SOAS University of London

Tibetan Studies at SOAS

Tibetan in Digital Communication - Workflow

Text Normalization

In some cases there are two ways in Unicode to encode a Tibetan character. In order to simplify the statistical models we normalize to the more common encoding. When uploading new texts it is useful to ensure that the following changes have been made:

  • "༎" changed to "།།"
  • "༌" (typical after ང and before śad) changed to "་"

Word Segmentation

One approach recasts word segmentation as a problem of syllable classification. Each syllable in a word is tagged in one of 8 ways. The lone syllable of a single syllable word is tagged "S". In multisyllabic words, the initial syllable is tagged "X", and the final syllable is tagged "E". Other syllables are tagged with Y, Z, or M, as follows: X-Y-E, X-Y-Z-E, X-Y-Z-M-E, X-Y-Z-M-M-E, and so on. Two additional tags are used for Tibetan's complex syllables. The tag "SS" is used for two single syllable words which are joined together, such as འདིའི་. And the tag "ES" is used for a word-final syllable that is joined together with the following single syllable word, such as the པོས་ in ཆེན་པོས་. It must be understood that for the purposes of word segmentation, these complex syllables must be split off into separate words: འདིའི་|SS will become འདི + འི་, and ཆེན་|X པོས་|ES will become ཆེན་པོ + ས་.

Tag Set

The tag set used in the project is described in E. Garrett et al. (2015), 'The contribution of corpus linguistics to lexicography and the future of Tibetan dictionaries'Revue d'Etudes Tibétaines, 32, pp. 51-86.

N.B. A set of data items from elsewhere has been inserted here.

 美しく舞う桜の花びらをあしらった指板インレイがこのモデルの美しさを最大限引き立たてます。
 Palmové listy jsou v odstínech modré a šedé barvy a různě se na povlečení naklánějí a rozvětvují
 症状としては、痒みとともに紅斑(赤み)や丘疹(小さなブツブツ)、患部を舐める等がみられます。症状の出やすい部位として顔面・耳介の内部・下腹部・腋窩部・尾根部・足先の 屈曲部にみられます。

The Classical corpus is the authoritative reference for our tagset, so should be the first point of reference. As noted above, the Saint Petersburg corpus comes via Pavel Grokhovsky, who used a different tagset. We have been converting his tagset to our system, but this work is not yet complete. Finally, the Berlin corpus is only partially tagged, and so includes a great many words with dummy tags (for example, xxx).

Pre Tagger

The aim of pre-tagging is to present the human tagger with a reduced set of choices when tagging a text. The pre tagger can leave difficult tagging decisions to the human, but it should make every effort not to eliminate possible tags. Human taggers are to download the pre tagged outputs, and then upload their corrections back to the system.

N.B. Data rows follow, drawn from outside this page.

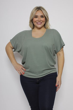 PLUS SIZE RIB KNIT ROUND NECK BATWING SLEEVE TOP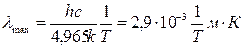 де b – постійна Віна, її експериментальне значення дорівнює 2,9 · 10-3 мК.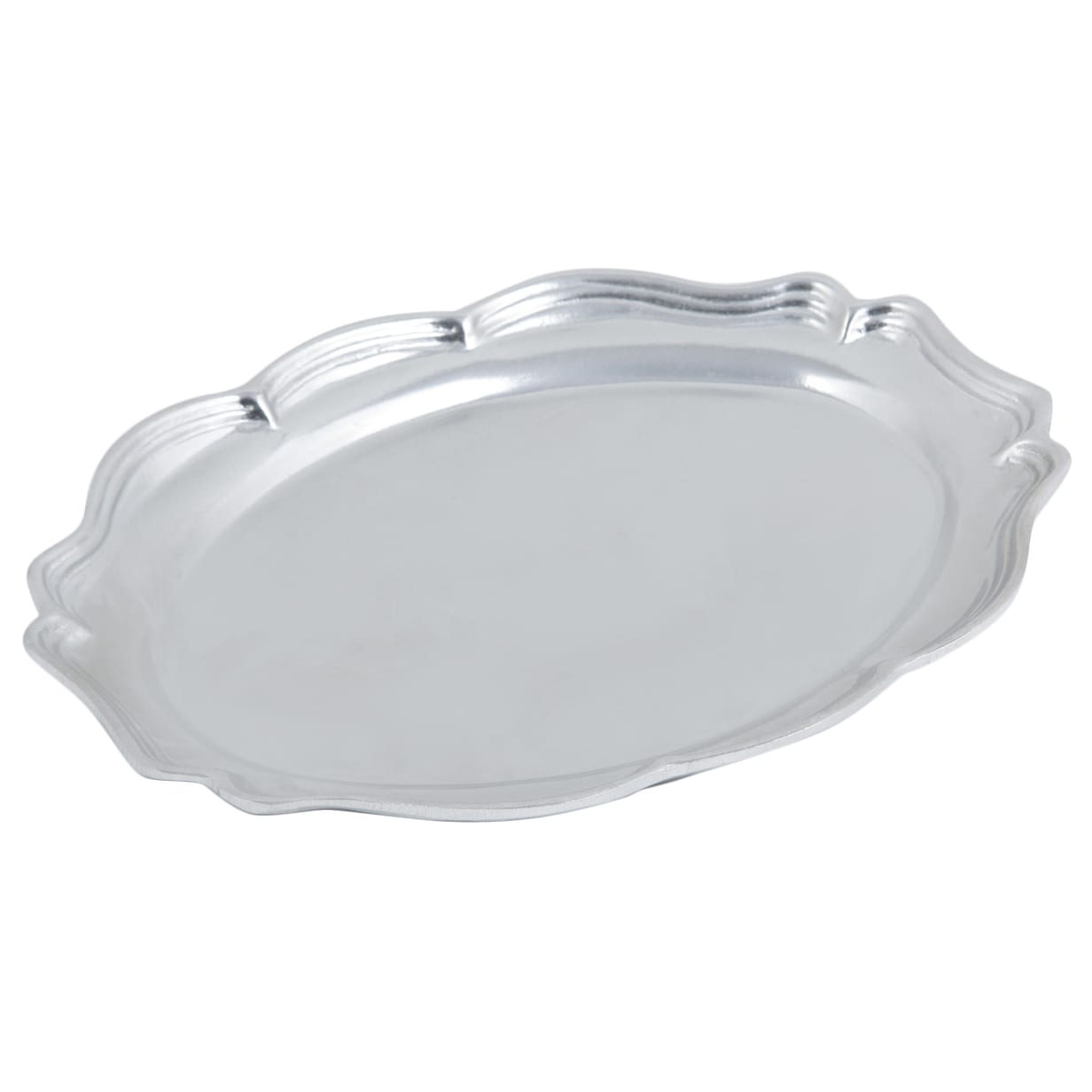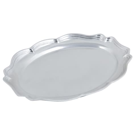 Add an elegant touch to your serving table with this 16.75" x 22" Queen Anne platter. It is made of cast aluminum with a pewter glo finish and gentle edge styling that resembles flower petals.

In this interface, pages that have not yet been hand tagged are pre tagged, by applying the current best segmenter followed by the rule tagger. Pages that have already been hand tagged are also pre tagged, enabling the performance of the segmenter and rule tagger to be easily assessed alongside the correct tagging.

Tag Suggestions

After hand tagged texts are fed back into the system, they are checked using the tag suggestions mechanism. For each corpus, the system generates a list of tag suggestions, which draw attention to those cases where the rule tagger gives a different answer to the human tagger.

This purpose of this step is twofold. On the one hand, the machine's correct suggestions bring attention to mistakes or inconsistencies in the human tagging. On the other hand, the machine's incorrect suggestions point us to rules that need to be revised or removed.